George Baloghy (Baloghy György, born 20 April 1950) is a prominent New Zealand artist. He is a painter, preferring to paint with oil on canvas.

== Biography ==
He was born in 1950 in Budapest, Hungary and emigrated to New Zealand in 1956 as a refugee. He was educated at St Peter's College, Auckland and at the University of Auckland from which he graduated Bachelor of Fine Arts from the Elam School of Fine Arts in 1977. He has had 27 major solo exhibitions in New Zealand and Australia, commencing in 1978.

Baloghy's style can be called a particular kind of realism, where major elements are altered and shifted around for dramatic effect. Some of these paintings are close to fiction, yet attempt to narrate a greater truth of the feeling of place. The realism depicted has been described by John Daly-Peoples as being more like paintings of models of the landscape. Heightened edges and colours produce a sharpness of detail and an atmosphere that is at once familiar, yet faintly alien. Many of his works contain references to other painters and paintings.

Baloghy lives and works in Auckland and Hahei Beach on the Coromandel Peninsula. Many of the subjects of his paintings are in those places. In 2007 he completed a major series of paintings of Wellington subjects.

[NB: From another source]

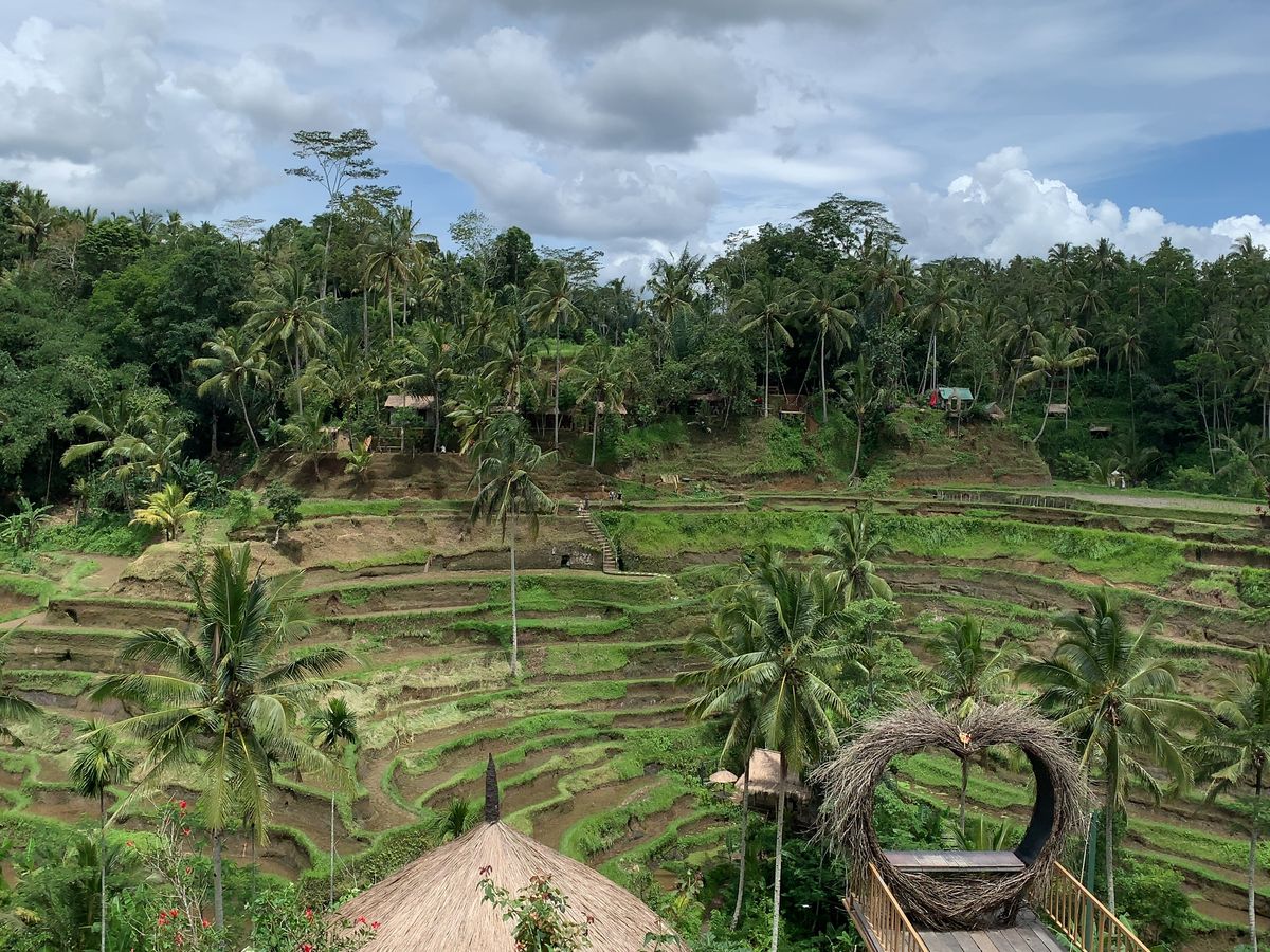 途中、喫茶店に立ち寄り休憩。コーヒーの実を食べるジャコウネコの糞のコーヒーをいただく。猫の糞と聞いて、?!と思いましたが、健康には非常に良いそうで、味は…コーヒーでした。また、きれいな棚田を背景に空中ブランコがあり、女性に人気。うちの嫁も例に漏れずやってみたいと挑戦。インスタ映えするブランコでした。

Baloghy then focused on iconic pieces of New Zealand art, producing parodic interpretations of signature New Zealand regional paintings such as Robin White's Mangaweka and Christopher Perkin's 1931 painting Taranaki. In painting these works Baloghy has intimately studied the painting techniques of several important New Zealand artists such as Colin McCahon, Don Binney, Rita Angus and Bill Hammond and replicated it with himself (and his car) located in their works. Some of the artists parodied have themselves been students of Baloghy.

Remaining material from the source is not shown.